## EXERCISE INPUT
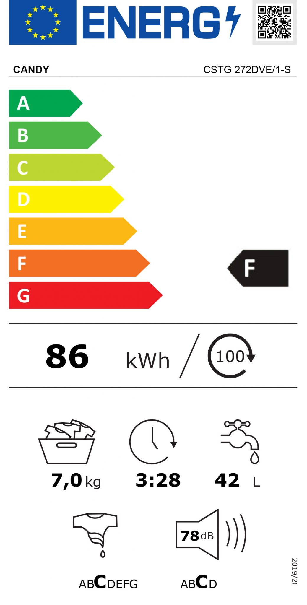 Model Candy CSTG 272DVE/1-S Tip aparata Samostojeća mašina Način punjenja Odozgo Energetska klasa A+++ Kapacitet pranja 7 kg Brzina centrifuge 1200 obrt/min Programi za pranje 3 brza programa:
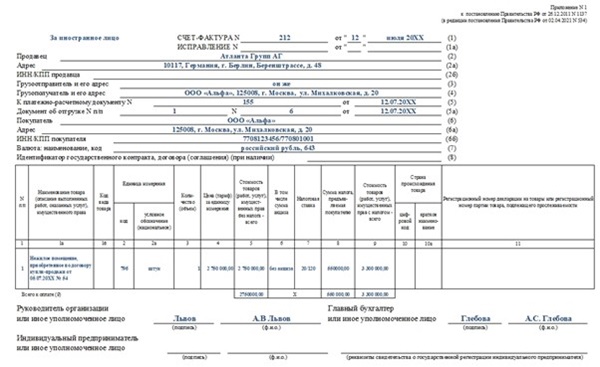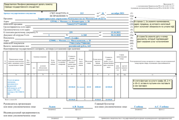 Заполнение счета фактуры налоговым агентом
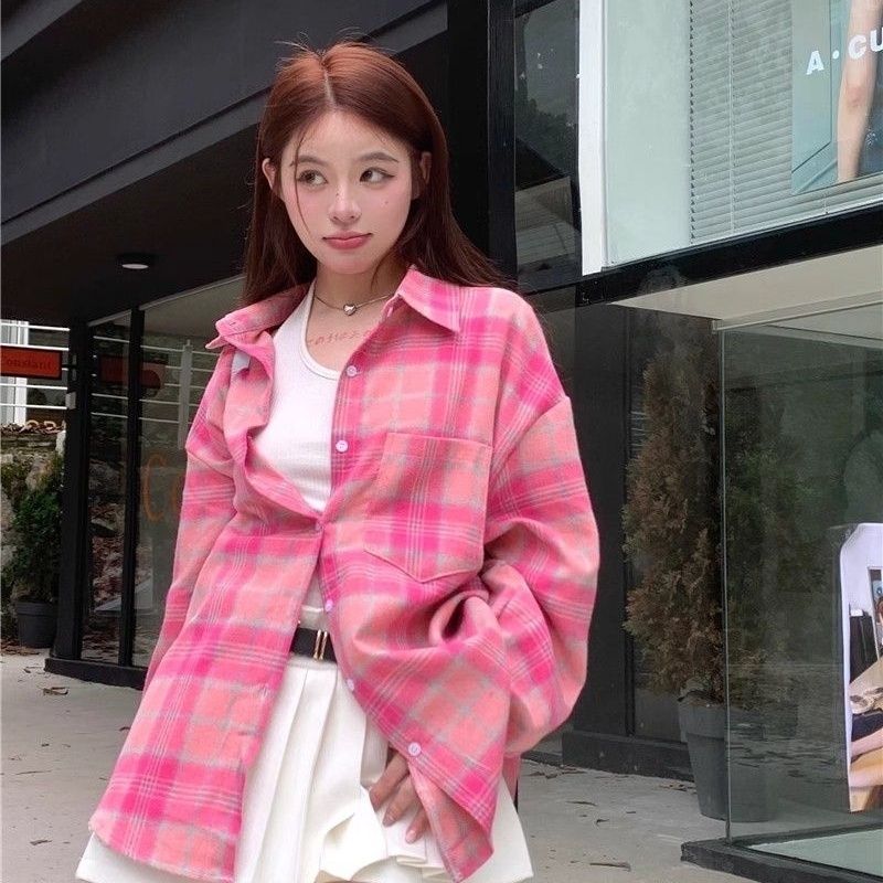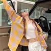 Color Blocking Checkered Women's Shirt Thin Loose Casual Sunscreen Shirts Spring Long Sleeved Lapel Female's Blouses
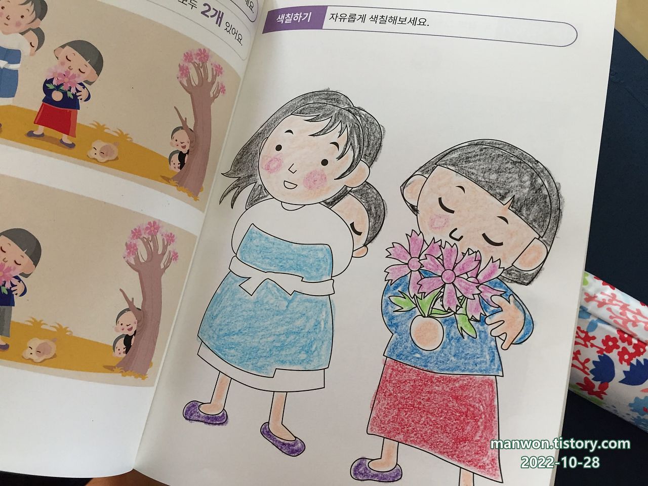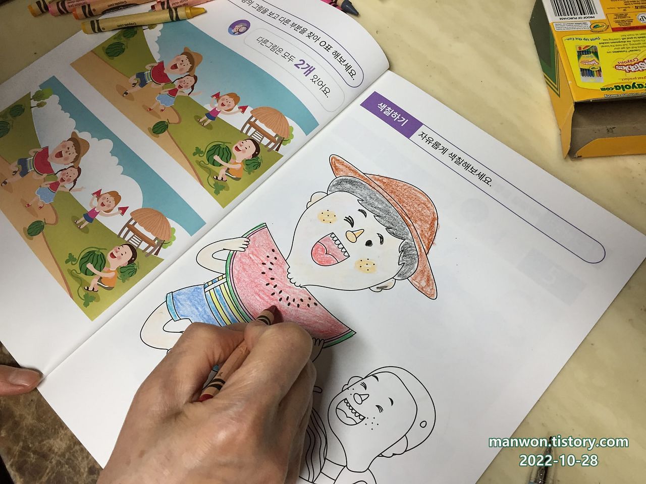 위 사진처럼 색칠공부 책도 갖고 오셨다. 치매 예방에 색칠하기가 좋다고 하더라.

...

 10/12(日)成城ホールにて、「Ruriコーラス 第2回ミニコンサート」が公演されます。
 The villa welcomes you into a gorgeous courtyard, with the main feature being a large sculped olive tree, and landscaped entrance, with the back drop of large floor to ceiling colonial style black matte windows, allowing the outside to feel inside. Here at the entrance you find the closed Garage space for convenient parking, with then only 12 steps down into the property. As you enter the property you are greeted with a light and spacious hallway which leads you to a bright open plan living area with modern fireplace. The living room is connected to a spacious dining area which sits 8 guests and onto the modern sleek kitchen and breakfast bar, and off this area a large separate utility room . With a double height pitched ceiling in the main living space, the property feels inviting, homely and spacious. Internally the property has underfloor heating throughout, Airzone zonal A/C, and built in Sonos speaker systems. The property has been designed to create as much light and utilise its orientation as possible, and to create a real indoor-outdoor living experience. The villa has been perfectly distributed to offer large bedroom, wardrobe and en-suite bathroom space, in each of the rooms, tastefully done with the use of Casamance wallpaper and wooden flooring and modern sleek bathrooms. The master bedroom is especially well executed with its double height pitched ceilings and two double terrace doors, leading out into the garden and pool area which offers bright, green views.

==

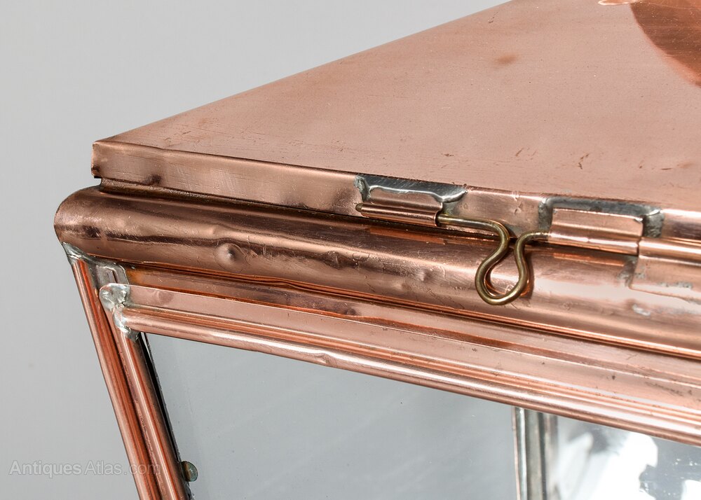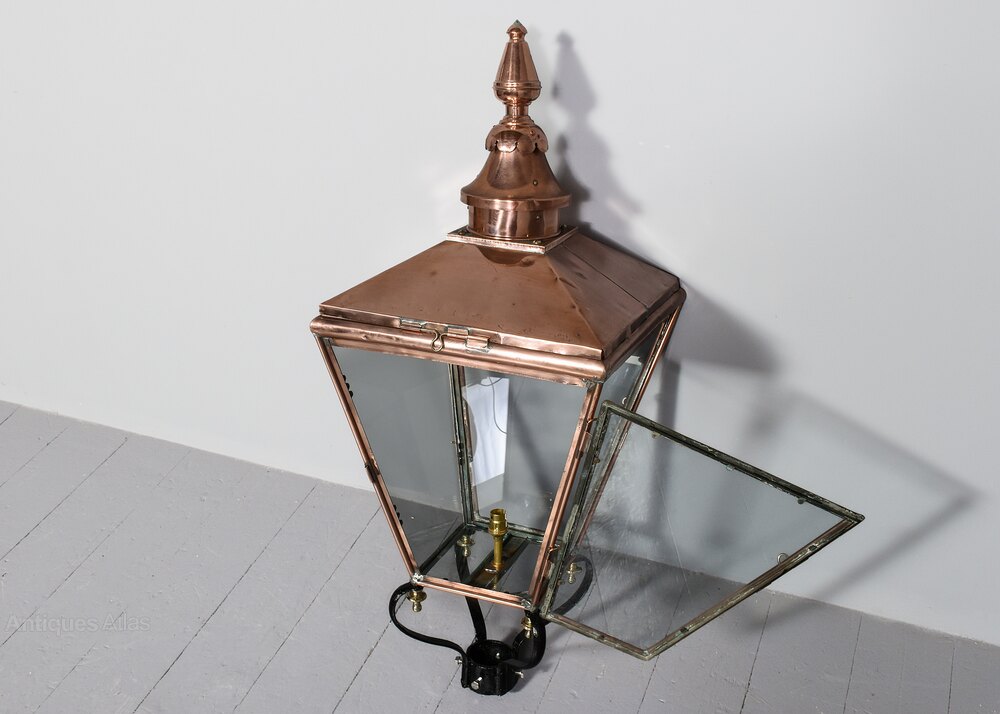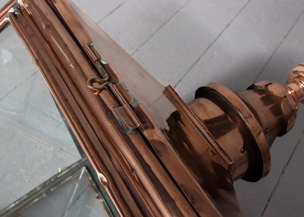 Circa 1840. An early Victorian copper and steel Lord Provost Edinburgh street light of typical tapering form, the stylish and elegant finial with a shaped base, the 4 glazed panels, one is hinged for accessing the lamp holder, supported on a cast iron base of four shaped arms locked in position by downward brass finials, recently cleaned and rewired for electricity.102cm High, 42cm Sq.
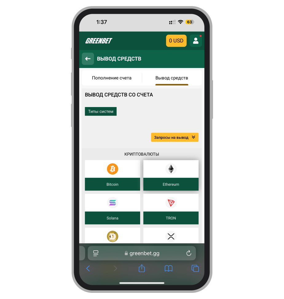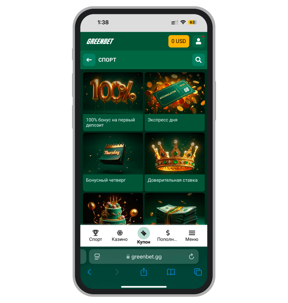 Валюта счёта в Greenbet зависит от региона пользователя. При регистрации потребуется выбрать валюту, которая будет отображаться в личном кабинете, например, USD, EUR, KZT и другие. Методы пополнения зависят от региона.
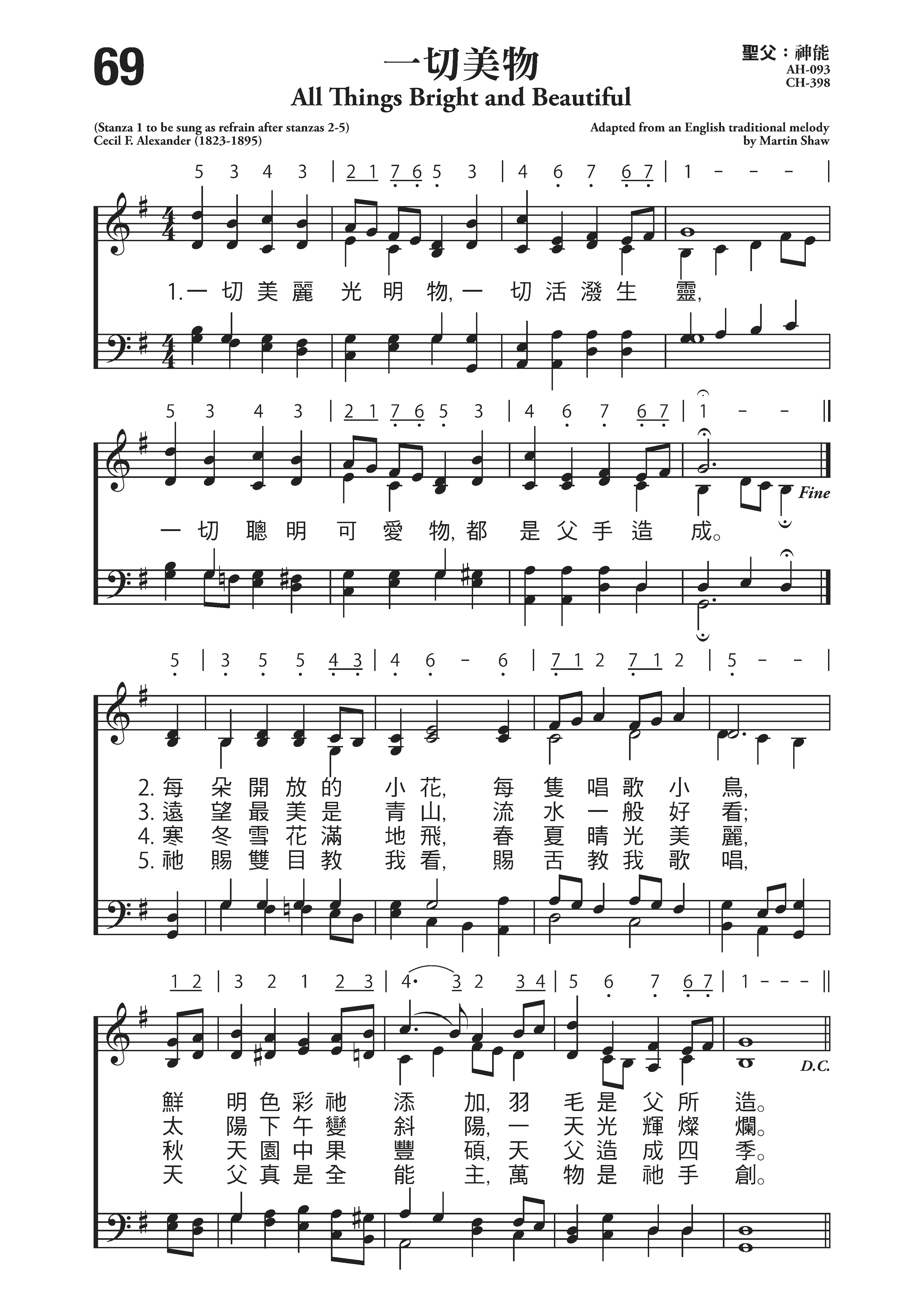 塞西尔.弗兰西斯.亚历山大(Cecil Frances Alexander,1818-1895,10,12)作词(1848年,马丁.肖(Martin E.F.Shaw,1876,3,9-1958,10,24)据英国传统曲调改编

## ACTIVITY
Using the data above, transcribe exactly the lines between those containing "Model Candy CSTG" and "위 사진처럼 색칠공부 책도 갖고 오셨다. 치매 예방에 색칠하기가 좋다고 하더라.", inclusive, and leave every picture behind.

## RESULT FOR THIS EXERCISE
 Model Candy CSTG 272DVE/1-S Tip aparata Samostojeća mašina Način punjenja Odozgo Energetska klasa A+++ Kapacitet pranja 7 kg Brzina centrifuge 1200 obrt/min Programi za pranje 3 brza programa:
 Заполнение счета фактуры налоговым агентом
 Color Blocking Checkered Women's Shirt Thin Loose Casual Sunscreen Shirts Spring Long Sleeved Lapel Female's Blouses
 위 사진처럼 색칠공부 책도 갖고 오셨다. 치매 예방에 색칠하기가 좋다고 하더라.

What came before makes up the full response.